§ DATA TO PROCESS:

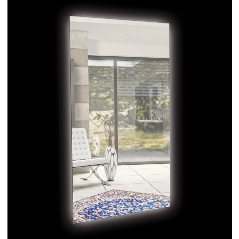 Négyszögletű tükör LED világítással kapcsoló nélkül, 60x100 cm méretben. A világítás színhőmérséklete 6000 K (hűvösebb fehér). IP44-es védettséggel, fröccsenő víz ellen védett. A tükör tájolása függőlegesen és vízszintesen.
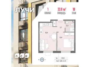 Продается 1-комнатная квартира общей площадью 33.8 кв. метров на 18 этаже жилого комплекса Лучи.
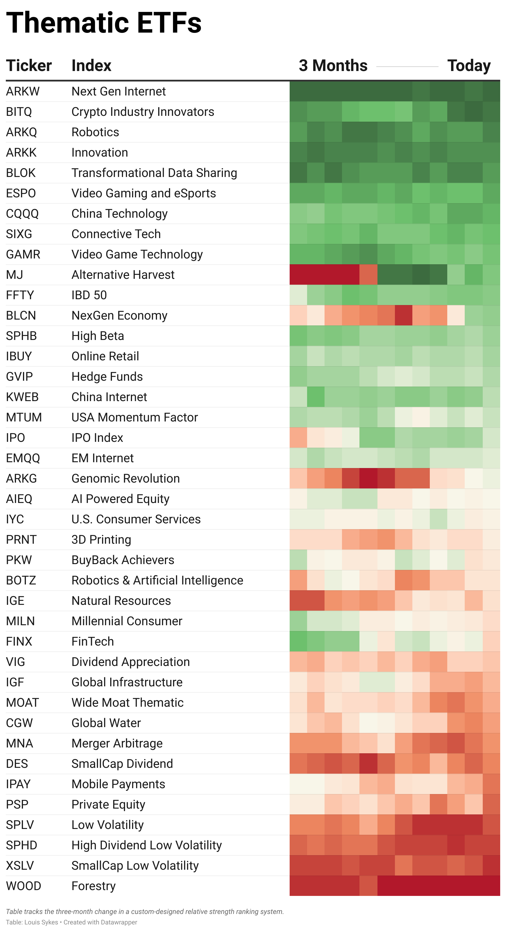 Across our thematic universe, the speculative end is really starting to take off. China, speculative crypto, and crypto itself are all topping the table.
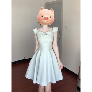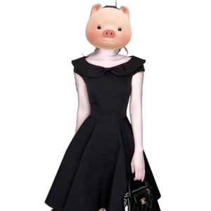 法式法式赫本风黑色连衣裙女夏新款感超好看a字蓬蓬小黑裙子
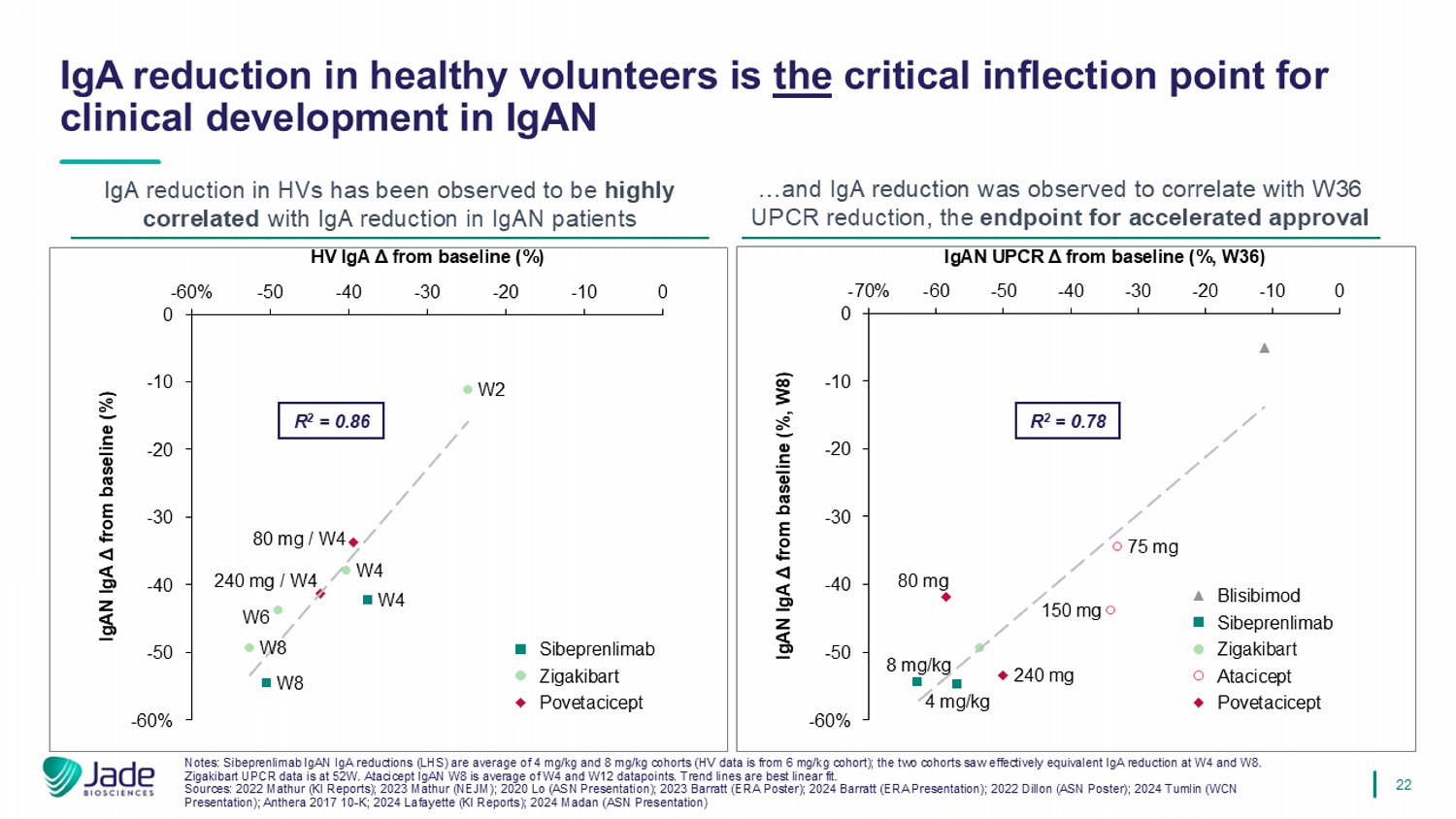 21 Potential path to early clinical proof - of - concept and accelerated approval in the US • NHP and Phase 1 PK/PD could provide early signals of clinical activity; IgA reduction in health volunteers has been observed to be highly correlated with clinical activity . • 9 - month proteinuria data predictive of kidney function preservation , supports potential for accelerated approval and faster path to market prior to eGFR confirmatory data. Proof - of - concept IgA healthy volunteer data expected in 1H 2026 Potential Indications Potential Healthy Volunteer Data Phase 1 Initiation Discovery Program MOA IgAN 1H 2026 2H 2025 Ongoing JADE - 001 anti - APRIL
==
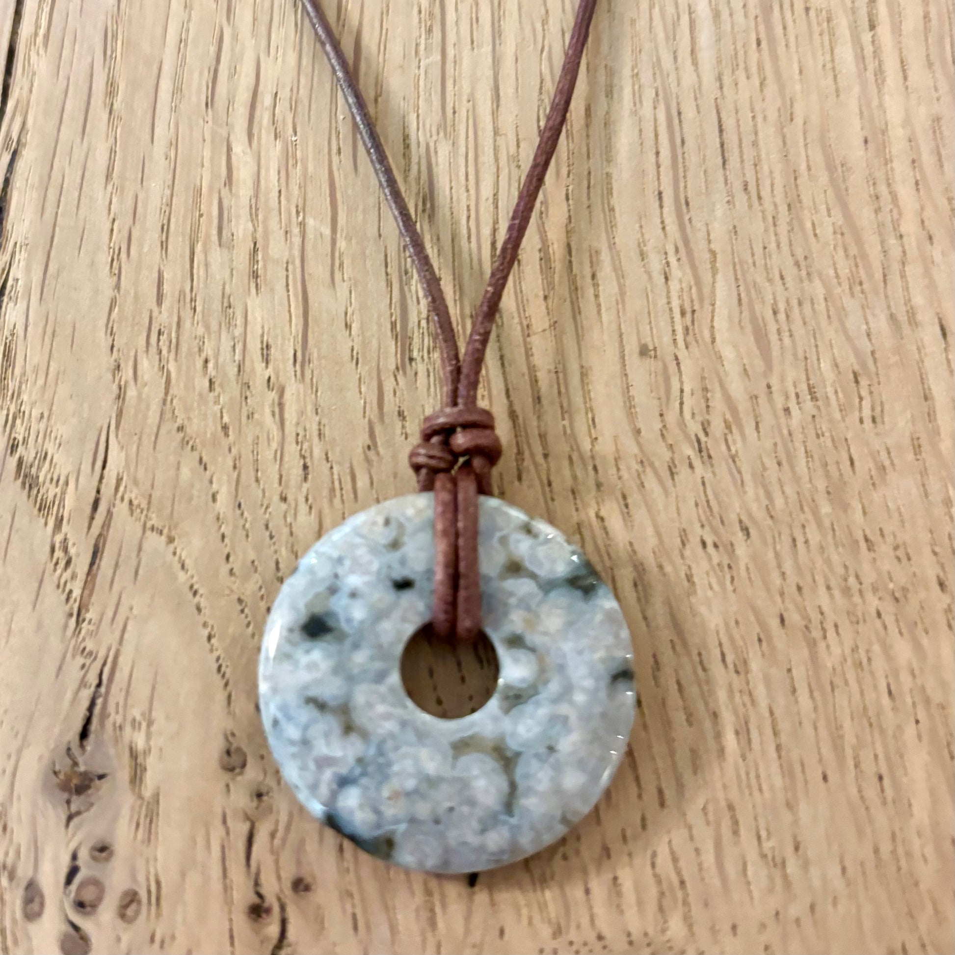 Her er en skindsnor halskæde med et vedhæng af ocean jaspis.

§ YOUR GOAL: From the material above, give again exactly the lines from the one that contains "Продается 1-комнатная квартира" through the one that contains "法式法式赫本风黑色连衣裙女夏新款感超好看a字蓬蓬小黑裙子", and leave out the pictures.

§ REPLY TO THE TASK:
 Продается 1-комнатная квартира общей площадью 33.8 кв. метров на 18 этаже жилого комплекса Лучи.
 Across our thematic universe, the speculative end is really starting to take off. China, speculative crypto, and crypto itself are all topping the table.
 法式法式赫本风黑色连衣裙女夏新款感超好看a字蓬蓬小黑裙子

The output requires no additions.